Po ostatniej wizycie w Restauracji Porta 13 obiecaliśmy sobie, że koniecznie trzeba będzie tu powrócić. Najchętniej w lecie, przetestować sympatycznie zapowiadający się ogródek. W sobotę obietnica została dotrzymana. Pojawiliśmy się w Porcie ponownie, całkowicie nastawieni na czepianie się i sprawdzanie, czy aby na pewno się nie popsuło i czy może jednak nie osiedli na laurach.

Tym razem zaczęłam od Chłodniku BIO czyli urozmaiconych kompozycji szefa kuchni na bazie sezonowych warzyw i owoców BIO. Na szczęście chłodnik był z botwiny, a nie z ogórków, bo mogłabym mieć problem. Bardzo dobry, lekki, chłodny, co w upalny wieczór było absolutnie nie do przecenienia. Z dużą ilością startej rzodkiewki. Bardzo dobry delikatny początek.

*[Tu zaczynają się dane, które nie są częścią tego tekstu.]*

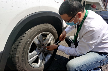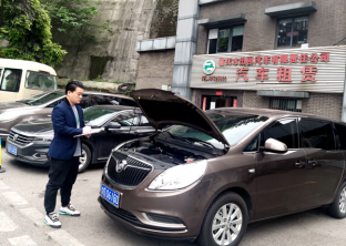 租賃公司工作人員對(duì)節(jié)日租賃車交付客人使用前進(jìn)行例行檢查,確保車況安全。
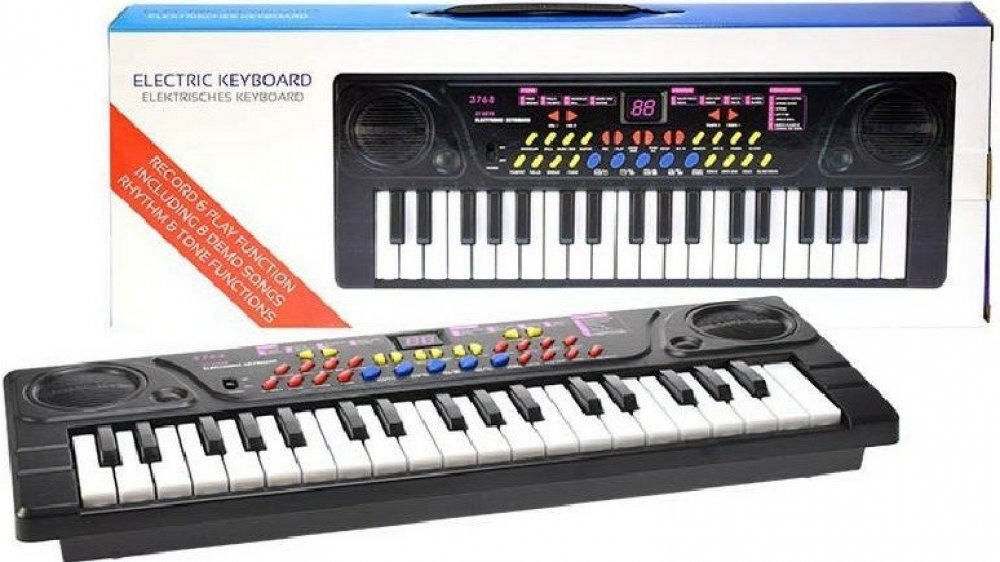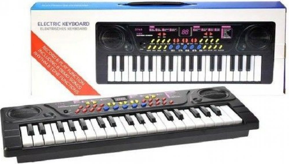 Plastové elektronické klávesy pro děti. Na pianu lze kromě klasických tónů také navolit různé podkresové melodie a měnit hudební nástroje. Součástí je také mikrofon a konektor pro připojení USB. Napájení na baterie nebo pomocí adaptéru do zásuvky. Baleno v krabici. Každé dítě miluje zvuky, a tato kytara mu umožní se se světem hudby seznámit. Hudební nástroje jsou hračky, které pomáhají rozvíjet hudební sluch a cit vašeho dítěte. Veďte děti k hudbě už odmalička! Rozměry balení (š v h): 47 x 17 x 5,5cm Rozměry dětské hračky (d š v): 42,5 x 16,5 x 5,5cm Materiál: plast Baterie: 4x AA 1,5V (nejsou součástí) Obsah balení: piano, mikrofon, USB kabel Vhodné baterie můžete k výrobku dokoupit na našem e-shopu. Cena je uvedena za 1 balení - sadu hračky Hračka je vhodná pro děti od 8 let

Na drugie wzięłam Krewetki w czosnkowym winie podane z zieloną pietruszką na plastrach grillowanego ziemniaka. Znakomite danie. Pyszne tzw. czosnkowe wino nie mające z winem prawie nic wspólnego, za to z czosnkiem bardzo dużo. Do tego bardzo dobre ziemniaki, choć nie jestem zwolenniczką ziemniaków i zwykle staram się je omijać. Grillowane, z pysznie przypieczonymi skórkami – smakowy szczyt ziemniaków.

Deser – Mus czekoladowy FAIRTRADE z owocami filetowanymi i wino – argentyńskie Viognier – pozostały w stosunku do poprzedniej wizyty bez zmian. Podobnie doskonała obsługa, dobrze dobrana muzyka i ogólne bardzo dobre wrażenie. Po czterech miesiącach Porta 13 w dalszym ciągu w najwyższej formie. Kiedyś jeszcze przyjdę tu na śniadanie biznesowe.